There are countless applications, email, web browsing, FTP, ICQ, AOL Instant Messenger, Quicktime, Media Player, on and on. Each is implemented by using some protocol. Some of them are well known and documented, others are proprietary. If the protocol is well documented, web browsing (http) for example, then a program can be written that reads every packet, just like the browser does, but doesn't display anything. Instead, it simply checks to make sure that it meets the protocol's specification. This is called an application proxy. Application, because it understands the protocol of the application and proxy because it prevents a direct connection between your computer and the origin.
You may remember that ending scene in the movie Crocodile Dundee II in which the two main characters are at each end of the subway station and can't talk to each other. They use people midway between them to hear what the one person says and then yell it to the next. Those people in the middle are "proxies" (acting on your behalf) In a firewall, it acts as a proxy so that your computer thinks that the firewall is the website, and the website thinks that the firewall is the browser. Both get "fooled." But it also means that if the someone trys to connect to you, it can't because the proxy won't respond unless the protected computer starts the conversation.

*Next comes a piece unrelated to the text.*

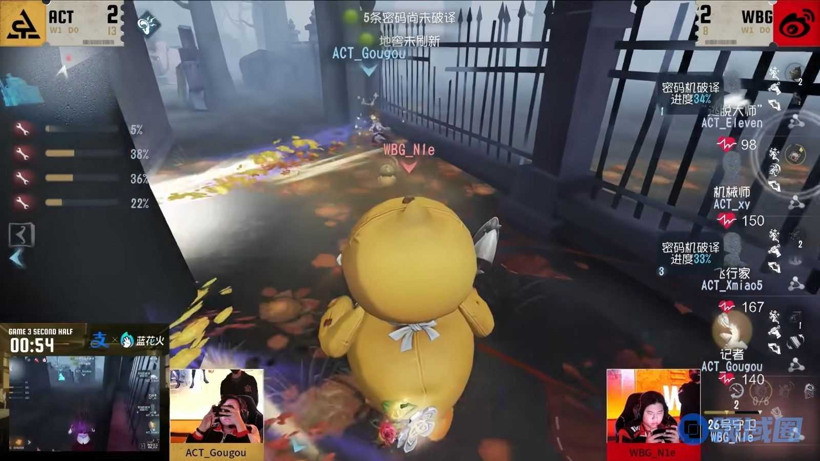 第二天,北京WBG vs ACT第三局下半场,WBG_N1e 26号守卫开局前往红教堂墓地追击ACT_Gougou记者,十秒内成功对其造成三次炸弹伤害,而后单炸弹将其极速击倒。ACT_Eleven“逃脱大师”使用逃脱术将其换位到自己附近的狂欢之椅,并使用迷烟炉阻碍监管者自由释放炸弹,利用被动特质从大房窗口翻出并快速接近狂欢之椅,在监管者擦刀期间忙不迭地等待椅下炸弹爆炸成功将人救下,为观众展现了一次非常稳健的救援。WBG_N1e回头为“逃脱大师”补上一颗炸弹造成双倒局面,再跟随记者来到墓地,利用炸弹卡住板子实则直接过板,使记者来不及释放牵制幻影就已经被造成伤害并将其淘汰。WBG_N1e利用移形追击半状态“逃脱大师”,守椅阶段ACT_Xmiao5飞行家利用震颤起飞迷惑监管者视线,然后使用飞行器快速将人无伤救下并扛刀,电光火石之间使监管者措手不及。二次击倒“逃脱大师”后,WBG_N1e将其挂至小木屋地下室,因ACT_xy机械师出现极快,使监管者误以为密码机已经压好,WBG_N1e选择用炸弹将人击倒压起身,这期间WBG_N1e心态略显急躁,炸弹铺设形式过于单一,都被求生者灵活躲开,导致炸弹难以为继,这反而为外围飞行家拖出修机时间。但因地形优势,求生者难以突出地下室,最终还是被WBG_N1e抓住机会,开门战快速减员,收获三抓,在第一局被8:1积分大劣的情况下成功翻盘!

As I said in the previous message, you can be very safe as long as you don't permit any inbound traffic to initiate a connection to you. Packet Filters do a VERY good job at this. However, few people want to restrict themselves that much. The moment you permit someone else to make a connection to you, you place your computer at a much higher risk. And when you do, a more advanced firewall becomes necessary. Packet Filters inspect every packet, but only about 20% of each packet gets checked. Stateful Inspection again looks at every packet but checks about 30% of the data in a packet. An Application Proxy, will inspect 100% of each packet it knows how to inspect. For packets that it doesn't understand, it uses a Stateful Inspection.
For our provider friends, limiting themselves to not using any of the Instant Messaging type programs (AOL, Yahoo, Etc) may be too restrictive. Email may just not be good enough. Me... I don't have any qualms about not using IM. 8-)
As you can tell, I can go on and on. But I'll stop now for both our benefits. 8-) I can get very techie and have it sound "preachy" which I want to avoid.